=== Begin Enclosure ===

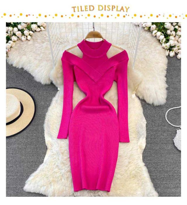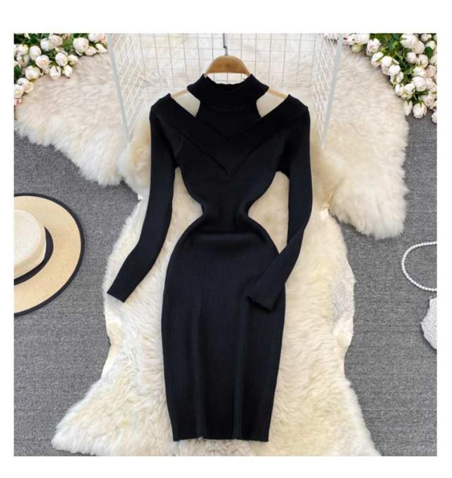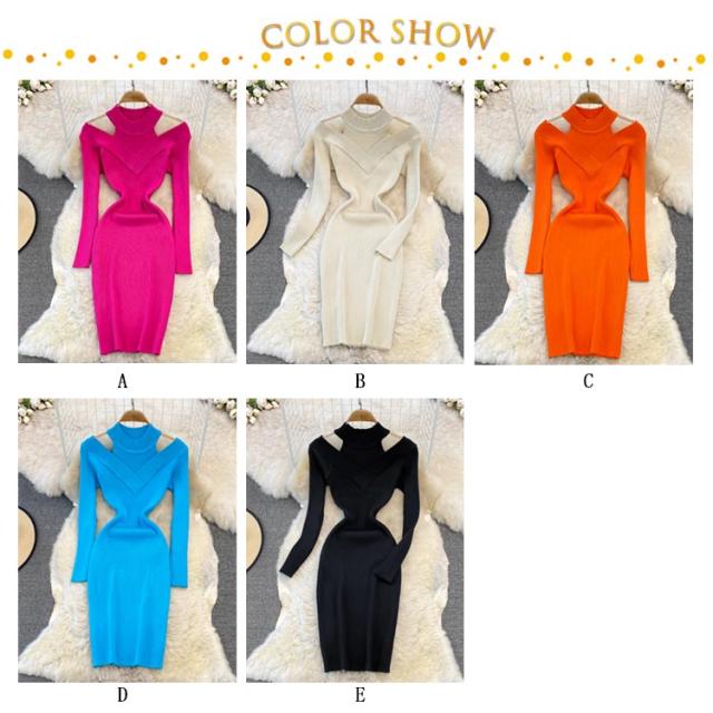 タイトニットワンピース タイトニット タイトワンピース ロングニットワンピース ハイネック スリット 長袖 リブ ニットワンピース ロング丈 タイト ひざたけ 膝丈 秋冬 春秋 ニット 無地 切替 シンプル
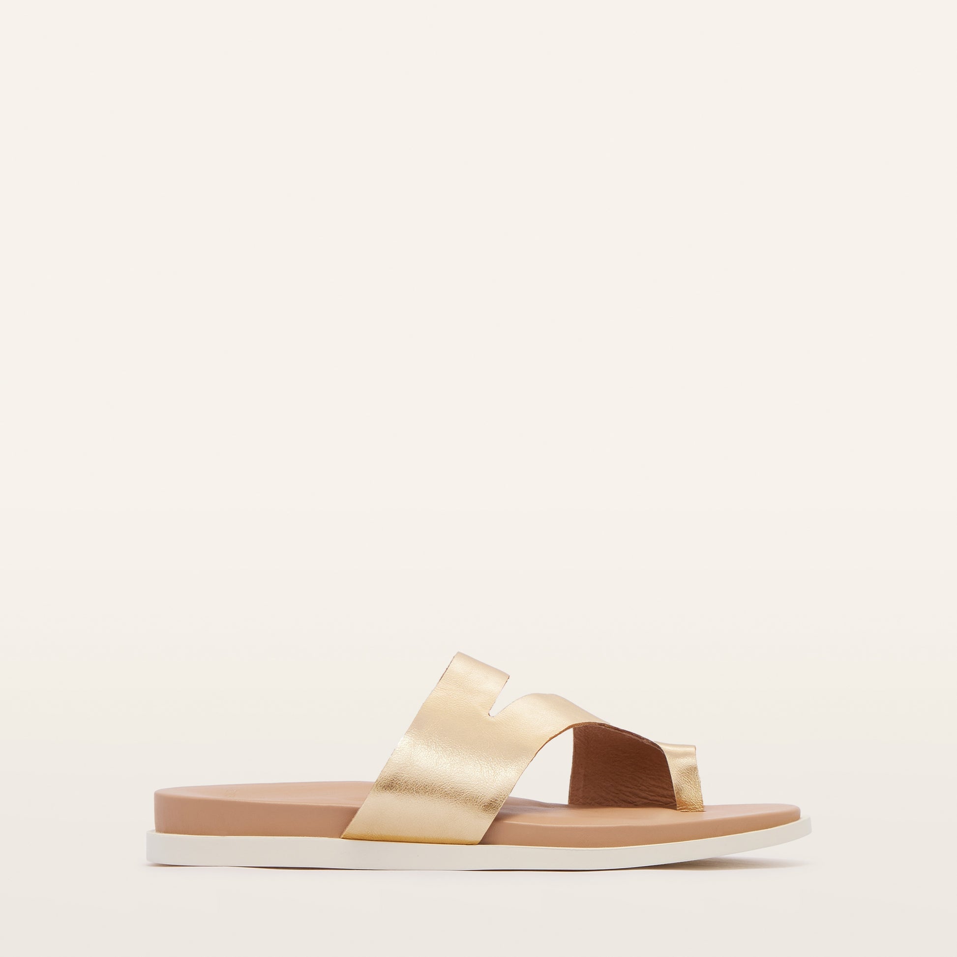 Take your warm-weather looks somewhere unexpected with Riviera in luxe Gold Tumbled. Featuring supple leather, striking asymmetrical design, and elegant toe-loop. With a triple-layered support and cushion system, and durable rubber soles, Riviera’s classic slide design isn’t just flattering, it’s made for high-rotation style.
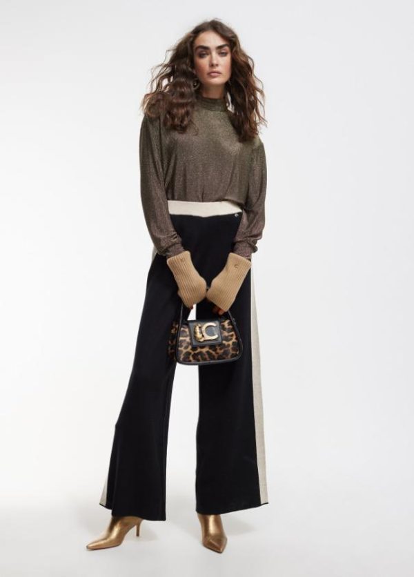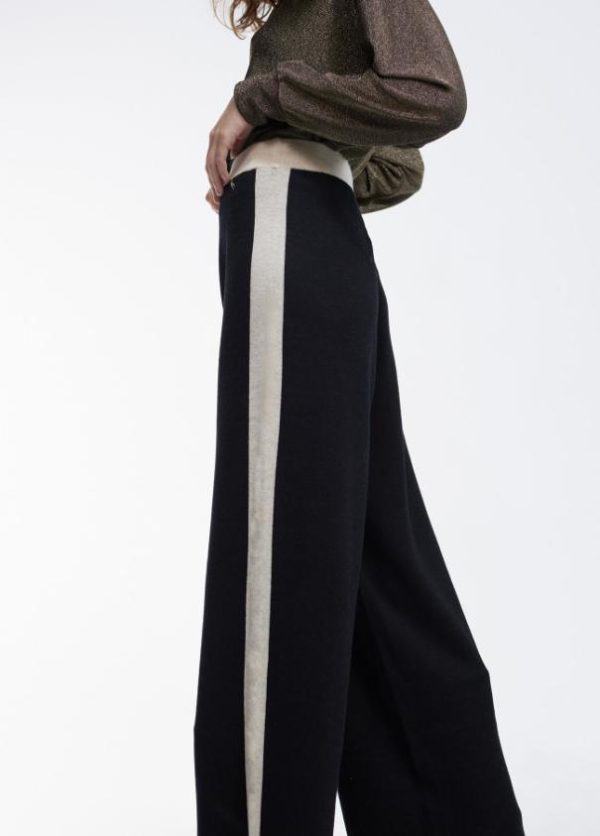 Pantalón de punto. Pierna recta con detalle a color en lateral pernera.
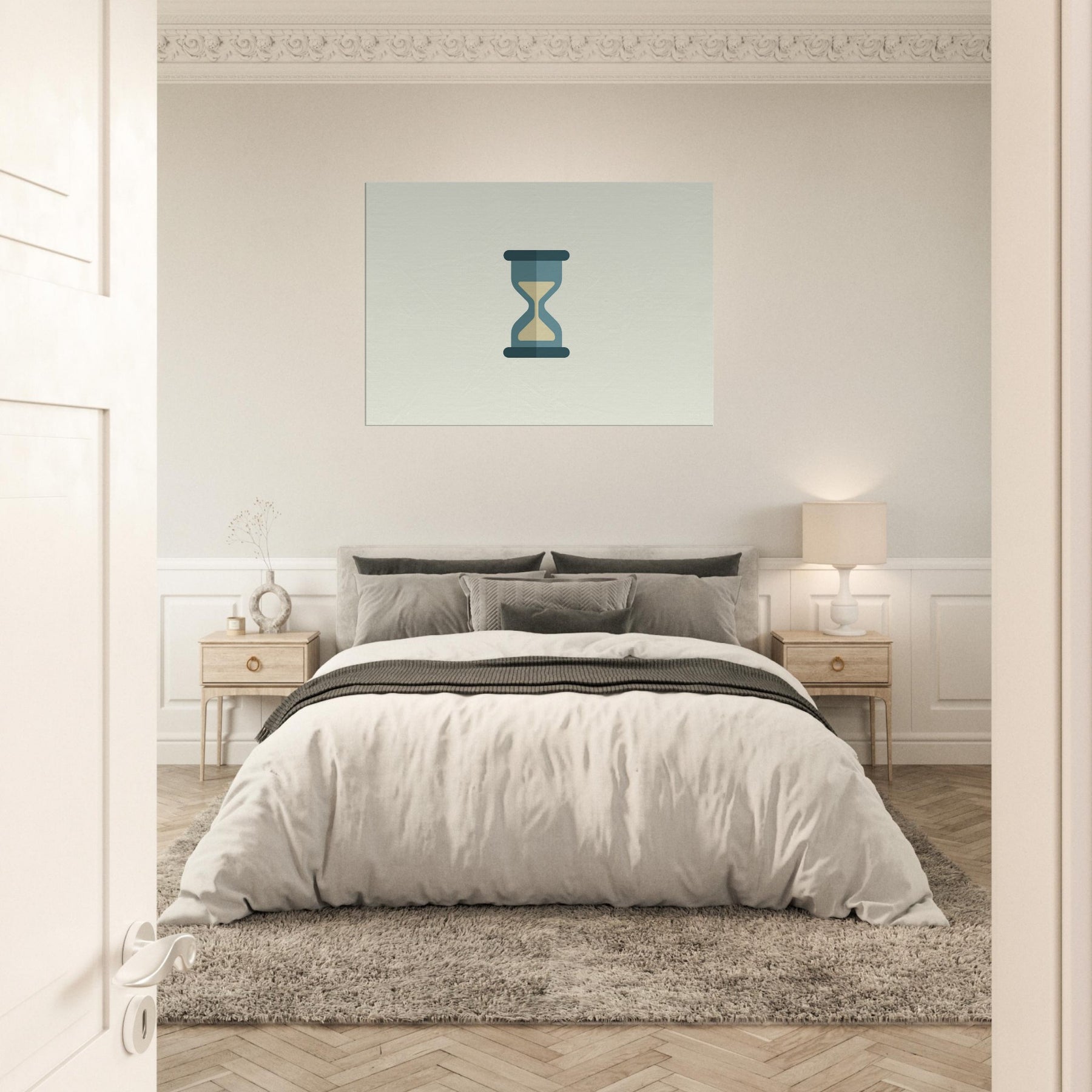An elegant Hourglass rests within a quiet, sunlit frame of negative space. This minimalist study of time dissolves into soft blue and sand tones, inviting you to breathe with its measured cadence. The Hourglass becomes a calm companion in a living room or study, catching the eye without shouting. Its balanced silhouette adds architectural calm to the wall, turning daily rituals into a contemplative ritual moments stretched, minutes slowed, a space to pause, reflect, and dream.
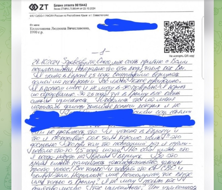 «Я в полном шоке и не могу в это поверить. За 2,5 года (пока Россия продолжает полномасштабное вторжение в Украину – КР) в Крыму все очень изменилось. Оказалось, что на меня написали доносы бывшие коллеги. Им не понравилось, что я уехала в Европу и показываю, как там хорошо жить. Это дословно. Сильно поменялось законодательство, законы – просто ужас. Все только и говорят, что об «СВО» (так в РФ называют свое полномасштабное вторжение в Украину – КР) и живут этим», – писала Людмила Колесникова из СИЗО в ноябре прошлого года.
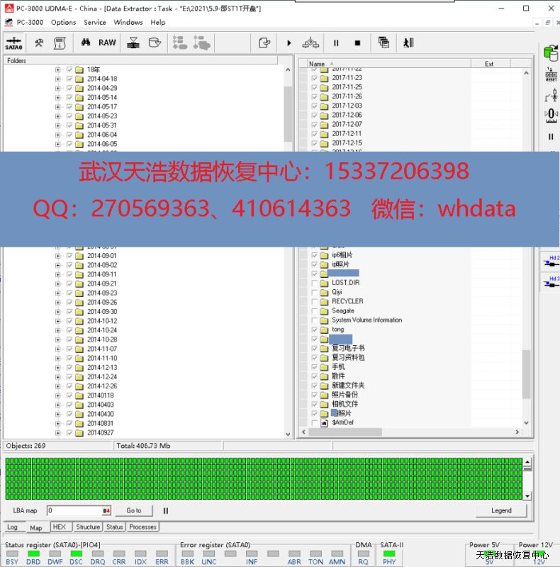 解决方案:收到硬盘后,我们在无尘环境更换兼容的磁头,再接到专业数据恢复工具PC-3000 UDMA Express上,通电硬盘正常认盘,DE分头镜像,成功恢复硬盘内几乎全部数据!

=== End Enclosure ===

WHAT IS NEEDED
What you return should be only the exact lines from the top of the entries through the line with "Pantalón de punto.", minus the pictures.

YOUR SOLUTION
 タイトニットワンピース タイトニット タイトワンピース ロングニットワンピース ハイネック スリット 長袖 リブ ニットワンピース ロング丈 タイト ひざたけ 膝丈 秋冬 春秋 ニット 無地 切替 シンプル
 Take your warm-weather looks somewhere unexpected with Riviera in luxe Gold Tumbled. Featuring supple leather, striking asymmetrical design, and elegant toe-loop. With a triple-layered support and cushion system, and durable rubber soles, Riviera’s classic slide design isn’t just flattering, it’s made for high-rotation style.
 Pantalón de punto. Pierna recta con detalle a color en lateral pernera.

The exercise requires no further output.